Il y a déjà quelques années, l'essayiste Thomas Friedman théorisait dans son ouvrage à succès La Terre est plate le mouvement de globalisation irrésistible qui a déferlé sur la planète au tournant du siècle. L'Américain estimait dans cet opus de référence que les jours à venir seraient nécessairement meilleurs, du fait d'une meilleure disponibilité des biens et du capital, d'une meilleure circulation des marchandises et des hommes, le tout rendu possible par une technologie émancipatrice et égalisatrice. En bref, cette planète où les distances se raccourcissent allait donner naissance à une humanité plus généreuse. Avant lui, un autre penseur américain, Francis Fukuyama, prédisait quant à lui la «fin de l'histoire» pour signifier la prééminence de la démocratie libérale sur les autres formes de gouvernement suite à la fin de la Guerre froide. Si l'on savait déjà que la prospective est un exercice risqué, l'Histoire contemporaine vient de démentir les deux assertions précédentes.

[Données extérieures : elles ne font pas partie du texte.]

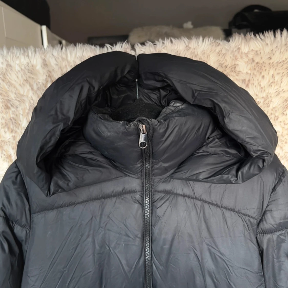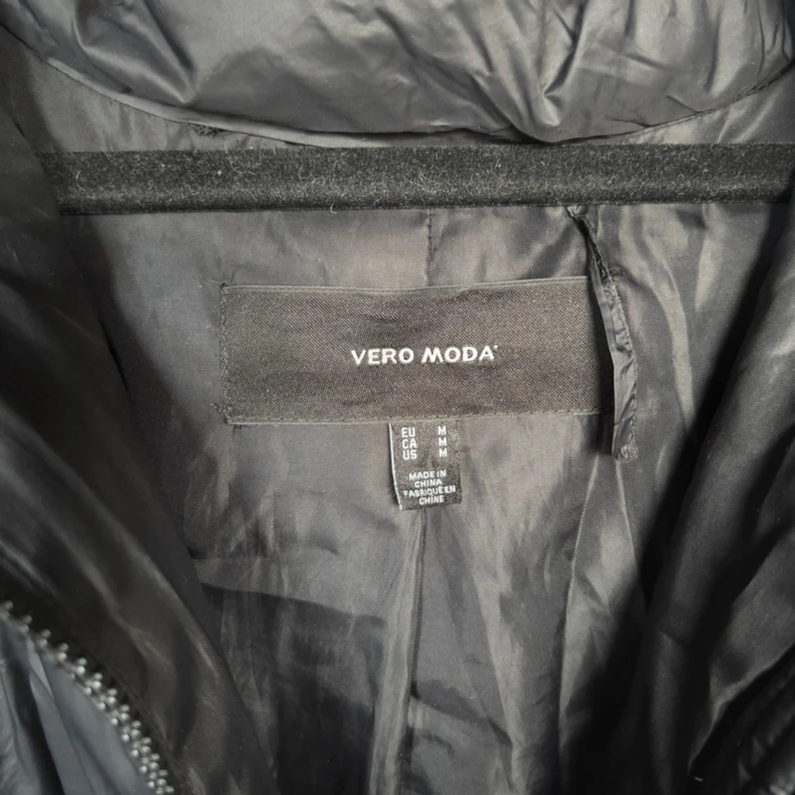 Svart pufferjacka från Vero Moda med stor, mysig huva och dragkedja framtill.
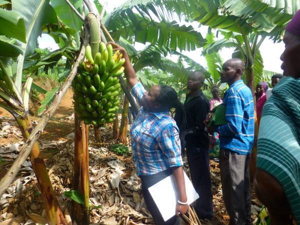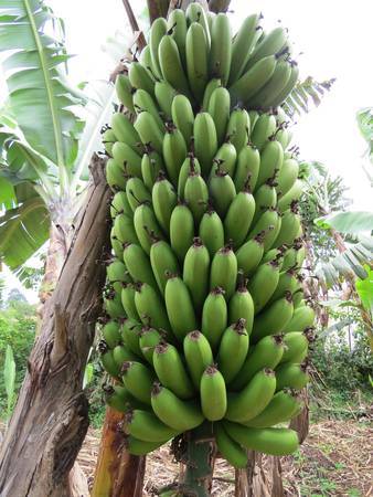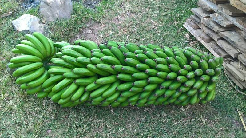 Die Stauden haben zum grossen Teil ein Gewicht von fast 100 kg Bananen. Bei den früheren Sorten in der Umgebung angepflanzt wurden lag der Ertrag bei ca. 30 kg.
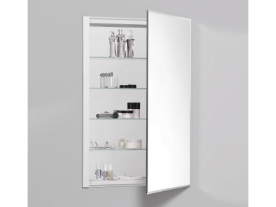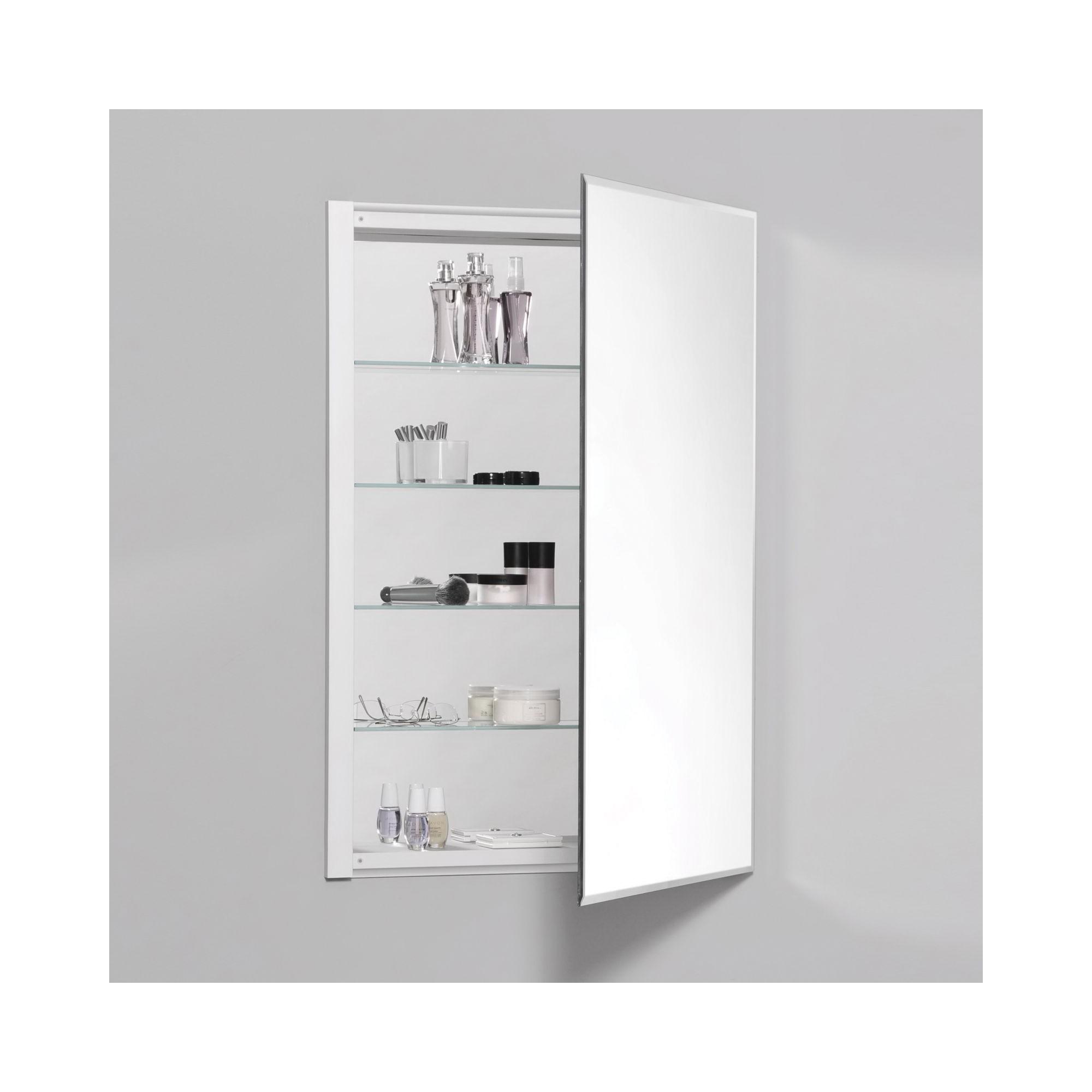 Robern® RC2436D4FB1 Single Door Medicine Cabinet With Interior Beveled Edge Front Mirror, R3 Series, 24 in OAW x 36 in OAH, Aluminum, Satin Anodized
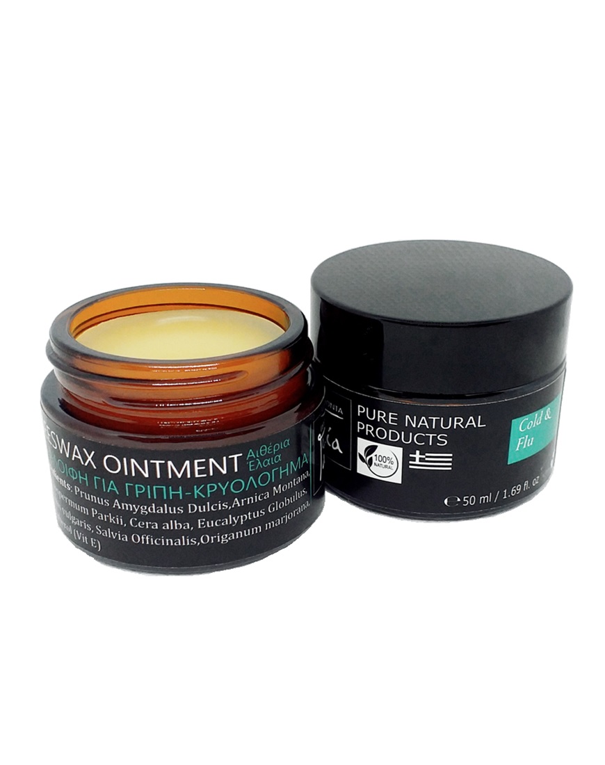 Η Κεραλοιφή Cold & Flu είναι 100% φυτική, δεν περιέχει νερό και ως εκ τούτου δεν έχουν προστεθεί χημικά για τη συντήρηση της. Περιλαμβάνει καθαρό κερί μέλισσας, Αμυγδαλέλαιο, έλαιο Άρνικα, βούτυρο Καριτέ και αιθέρια έλαια Ευκάλυπτο, Φασκόμηλο, Μαντζουράνα, Θυμάρι και βιταμίνη Ε. Το κερί μέλισσας από το είδος Apis Mellifera έχει αντισηπτικές, αντιφλεγμονώδεις, μαλακτικές και επουλωτικές ιδιότητες ενώ βοηθά το δέρμα να αποκτήσει απαλότητα και ελαστικότητα.

 Un affrontement entre dirigés et dirigeants

Jusque-là, la montée des nationalismes et des extrêmes a toujours été expliquée par des crises économiques majeures. Le Nazisme a trouvé un terreau fertile en Allemagne avec la crise économique du début des années 1920. Idem pour le fascisme italien, ainsi qu'un certain nombre d'autoritarismes et de dictatures. Mais dans le cas d'espèce, l'on constate que les économies où les nationalismes et la contestation progressent se portent majoritairement bien. Bien qu'aux prises avec un chômage structurel qui frise les 10% depuis 30 ans, la France reste l'un des pays les plus égalitaristes d'Europe et une grande puissance industrielle et militaire dans laquelle il fait -encore- bon vivre. En Italie, le plus gros de la crise économique est déjà derrière la péninsule malgré des risques de rechute. Quant aux États-Unis, l'économie se portait plutôt bien lorsque Donald Trump a été élu. Que s'est-il donc passé qui a changé majoritairement la donne pour que les peuples crient une telle colère, aux relents parfois  violents ?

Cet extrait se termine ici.